-------- INPUT DATA --------
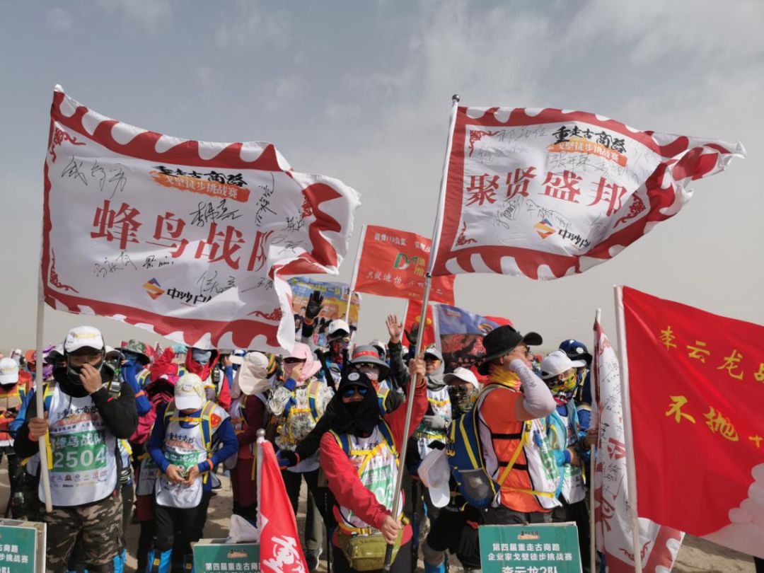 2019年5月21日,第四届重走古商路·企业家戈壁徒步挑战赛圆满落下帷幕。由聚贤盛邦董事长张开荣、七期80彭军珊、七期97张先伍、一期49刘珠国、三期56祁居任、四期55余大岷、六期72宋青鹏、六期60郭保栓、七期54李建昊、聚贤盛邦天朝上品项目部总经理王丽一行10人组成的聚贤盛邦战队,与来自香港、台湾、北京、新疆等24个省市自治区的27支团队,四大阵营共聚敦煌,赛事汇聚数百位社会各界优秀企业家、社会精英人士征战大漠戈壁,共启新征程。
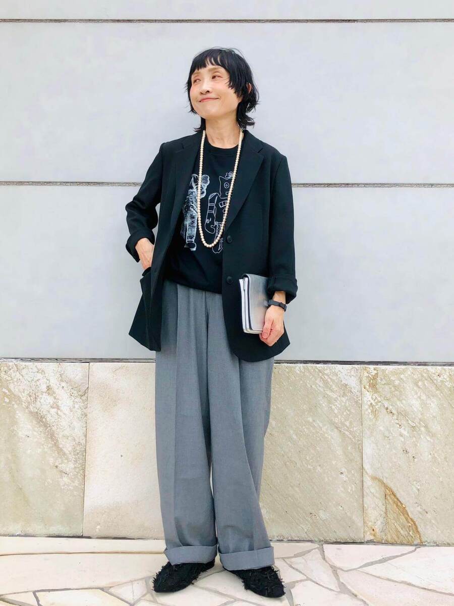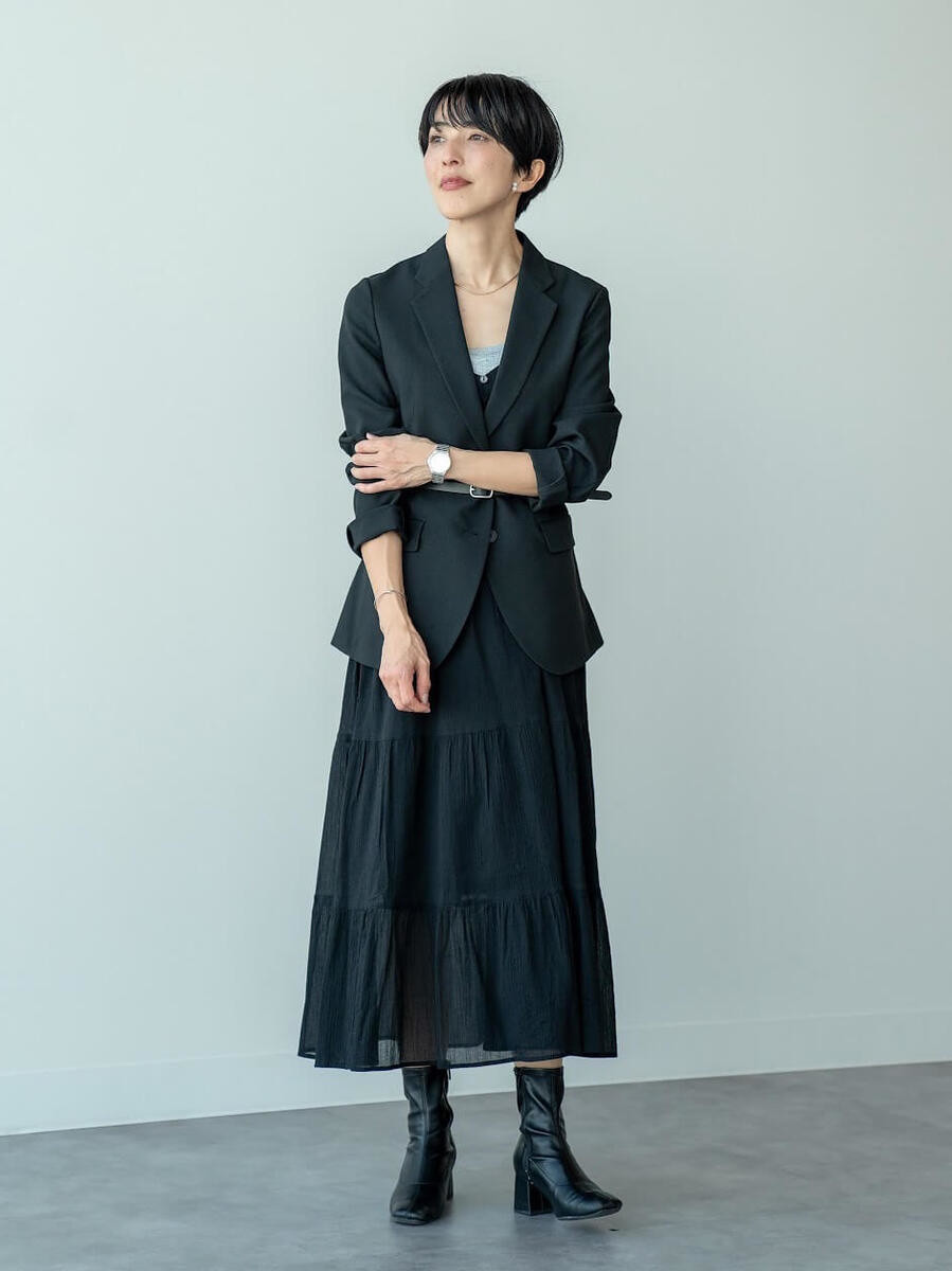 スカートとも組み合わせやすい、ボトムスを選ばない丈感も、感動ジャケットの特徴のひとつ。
--------
-------- INPUT DATA --------
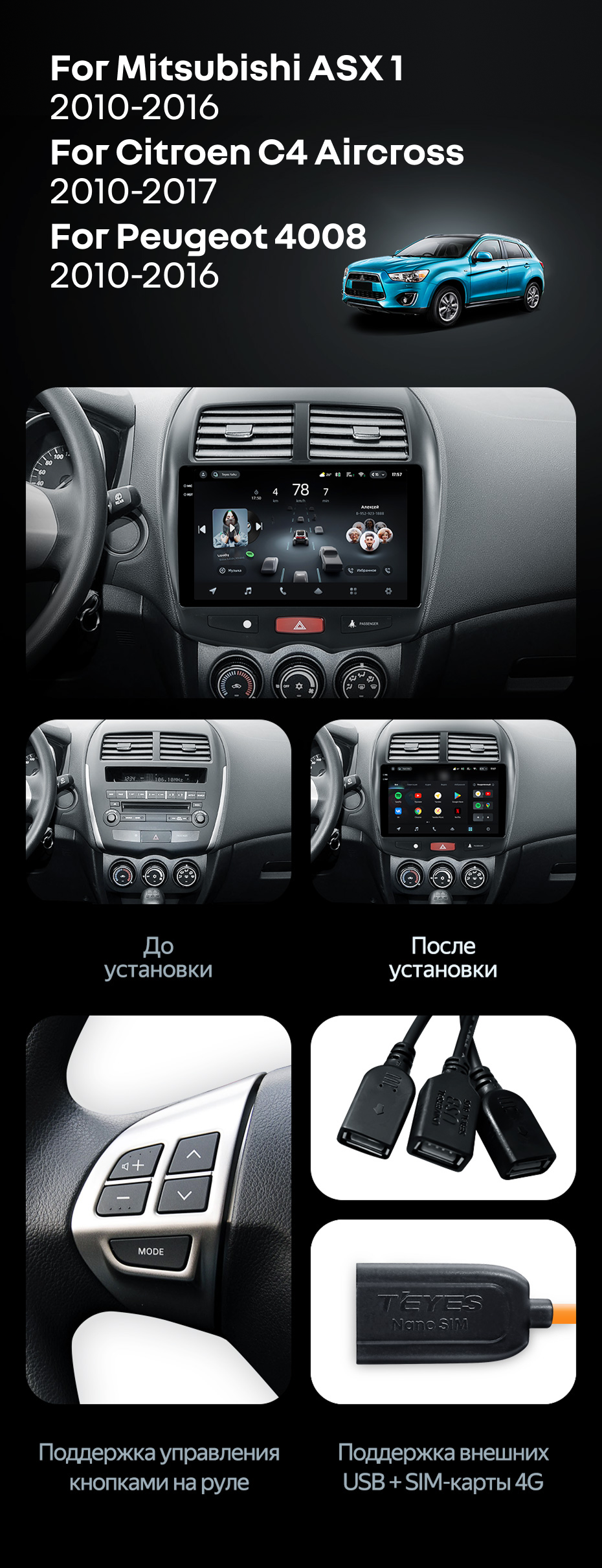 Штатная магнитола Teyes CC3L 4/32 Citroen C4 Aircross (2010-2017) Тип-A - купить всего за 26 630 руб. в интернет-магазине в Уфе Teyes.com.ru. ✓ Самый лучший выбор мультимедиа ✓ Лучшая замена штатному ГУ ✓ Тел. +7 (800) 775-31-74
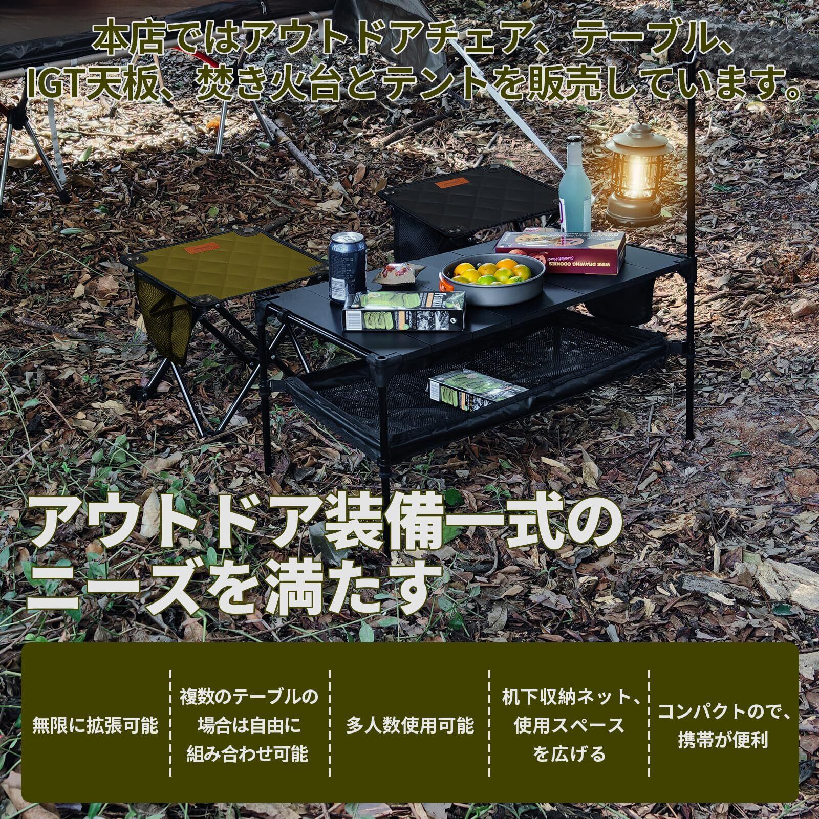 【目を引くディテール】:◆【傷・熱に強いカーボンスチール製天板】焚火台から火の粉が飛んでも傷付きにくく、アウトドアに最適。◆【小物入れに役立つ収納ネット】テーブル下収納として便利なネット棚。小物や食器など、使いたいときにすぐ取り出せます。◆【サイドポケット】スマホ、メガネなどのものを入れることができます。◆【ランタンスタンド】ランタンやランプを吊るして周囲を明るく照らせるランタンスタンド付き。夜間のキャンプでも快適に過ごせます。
--------
## EXERCISE DESCRIPTION
The answer must be the part of the records that opens with the line containing "2019年5月21日,第四届" and closes with the line containing "スカートとも組み合わせやすい", reproduced exactly, with no pictures.

## ANSWER TO THE PROBLEM
 2019年5月21日,第四届重走古商路·企业家戈壁徒步挑战赛圆满落下帷幕。由聚贤盛邦董事长张开荣、七期80彭军珊、七期97张先伍、一期49刘珠国、三期56祁居任、四期55余大岷、六期72宋青鹏、六期60郭保栓、七期54李建昊、聚贤盛邦天朝上品项目部总经理王丽一行10人组成的聚贤盛邦战队,与来自香港、台湾、北京、新疆等24个省市自治区的27支团队,四大阵营共聚敦煌,赛事汇聚数百位社会各界优秀企业家、社会精英人士征战大漠戈壁,共启新征程。
 スカートとも組み合わせやすい、ボトムスを選ばない丈感も、感動ジャケットの特徴のひとつ。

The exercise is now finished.